I think you are right. While something like swiotlb (through the
streaming DMA API) could do bounce buffering and allocate one from
ZONE_DMA, this is not guaranteed if the buffer physical address happens
to match the dma_mask. Similarly with an IOMMU, no bouncing happens but
the alignment is still required.

> If it isn't possible, is there another way to reduce memory waste due to
> increase of dma alignment requirement in arm64?

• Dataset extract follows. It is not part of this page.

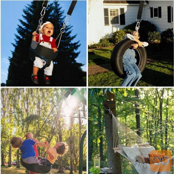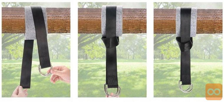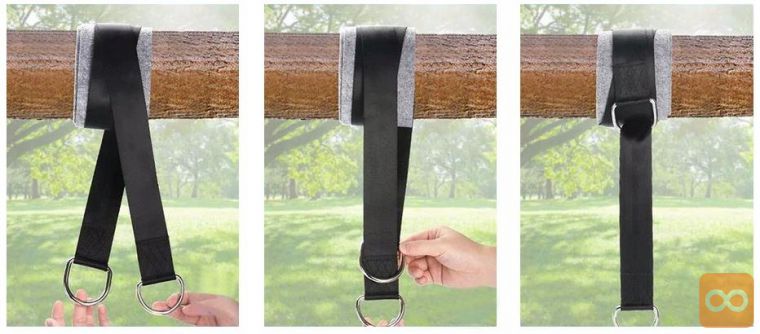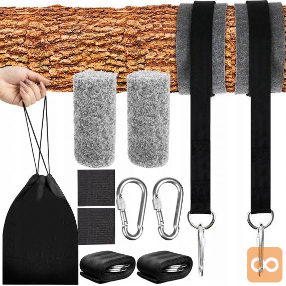 ENOSTAVNA MONTAŽA IN VZDRŽLJIVOST – montažni komplet za visečo mrežo ali gugalnico omogoča hitro obešanje, brez vrtanja ali poškodovanja drevesa ter brez potrebe po dodatnem orodju. Zahvaljujoč visoki kakovosti vseh komponent je ta komplet tudi zelo vzdržljiv in varen za uporabo.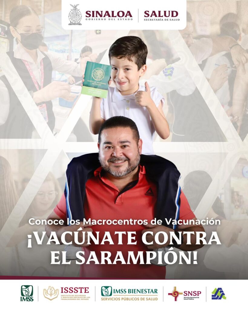 Culiacán, Sin.- La Secretaría de Salud informa a la población que, con el objetivo de fortalecer la protección contra el sarampión, se instalarán macrocentros de vacunación en distintos municipios del estado durante esta semana.

I first need to see how significant the impact is (especially for
embedded/mobiles platforms).

An alternative is to leave L1_CACHE_BYTES to 64 by default but warn if
the CWG is 128 on systems with non-coherent DMA (and hope that we won't
have any). It's not really fix, rather an assumption. Anyway I would
very much like the same kernel image for all platforms and no Kconfig
entry for the cache line size but if the waste is significant, we may
add one for some specific builds (like a mobile phone; or such vendors
could patch the kernel themselves).

-- 
Catalin

^ permalink raw reply	[flat|nested] 31+ messages in thread

* [PATCH] mm: slab: Only move management objects off-slab for sizes larger than KMALLOC_MIN_SIZE
  2015-11-05 11:50                           ` [PATCH] mm: slab: Only move management objects off-slab for sizes larger than KMALLOC_MIN_SIZE Catalin Marinas
@ 2015-11-05 13:31                             ` Andrew Morton
  2015-11-05 16:08                               ` Catalin Marinas
  2015-11-05 17:39                             ` Christoph Lameter
  1 sibling, 1 reply; 31+ messages in thread
From: Andrew Morton @ 2015-11-05 13:31 UTC (permalink / raw)
  To: linux-arm-kernel

On Thu,  5 Nov 2015 11:50:35 +0000 Catalin Marinas <catalin.marinas@arm.com> wrote:

> Commit 8fc9cf420b36 ("slab: make more slab management structure off the
> slab") enables off-slab management objects for sizes starting with
> PAGE_SIZE >> 5. This means 128 bytes for a 4KB page configuration.
> However, on systems with a KMALLOC_MIN_SIZE of 128 (arm64 in 4.4), such
> optimisation does not make sense since the slab management allocation
> would take 128 bytes anyway (even though freelist_size is 32) with the
> additional overhead of another allocation.
> 
> This patch introduces an OFF_SLAB_MIN_SIZE macro which takes
> KMALLOC_MIN_SIZE into account. It also solves a slab bug on arm64 where
> the first kmalloc_cache to be initialised after slab_early_init = 0,
> "kmalloc-128", fails to allocate off-slab management objects from the
> same "kmalloc-128" cache.

That all seems to be quite minor stuff.

> Fixes: 8fc9cf420b36 ("slab: make more slab management structure off the slab")
> Cc: <stable@vger.kernel.org> # 3.15+

Yet you believe the fix should be backported.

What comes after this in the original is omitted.